Halifax, NS – 14 May 2019 – DHX Media Ltd. (or the “Company”) (TSX: DHX; NASDAQ: DHXM) reported its third-quarter (“Q3 2019”) and nine-month (“YTD 2019”) results for Fiscal 2019, ended March 31, 2019.

Michael Donovan, CEO and Executive Chairman, stated: “When I stepped back into the role of CEO a year ago I had several priorities. These included: building our premium content strategy; repositioning our assets to align with current market opportunities; expanding WildBrain, our industry-leading children’s AVOD network; reducing debt; and finding my successor. We have made significant progress on all these fronts.
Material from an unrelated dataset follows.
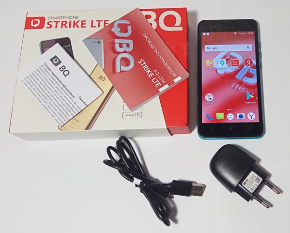 Комплектация BQ Strike LTE, на самом деле, очень скромная, даже на ускоренную зарядку шансов не оставили, положив в комплект сетевое ЗУ с силой тока 1 ампер. Помимо него, в коробке были обнаружены инструкция, гарантийный талон и дата-кабель для зарядки и синхронизации с ПК. Пленка на экран тоже есть – она заранее нанесена на лицевую панель.

Once the new CEO is appointed I look forward to continuing on as Executive Chair.

Q3 2019 Performance – Executing on Strategic Priorities

During Q3 2019, we continued to make progress on our strategic priorities as highlighted below:


Q3 2019 Financial Highlights


Q3 2019 revenue was $110.0 million compared with $116.5 million in the prior-year quarter.  YTD 2019 revenue was $331.0 million vs $337.0 million in the first nine months of 2018.

In Q3 2019, distribution revenue (excluding WildBrain) was $20.7 million vs. $26.6 million in Q3 2018, reflecting a sequential improvement of 51% from the last quarter as we realized on a stronger pipeline in Q3.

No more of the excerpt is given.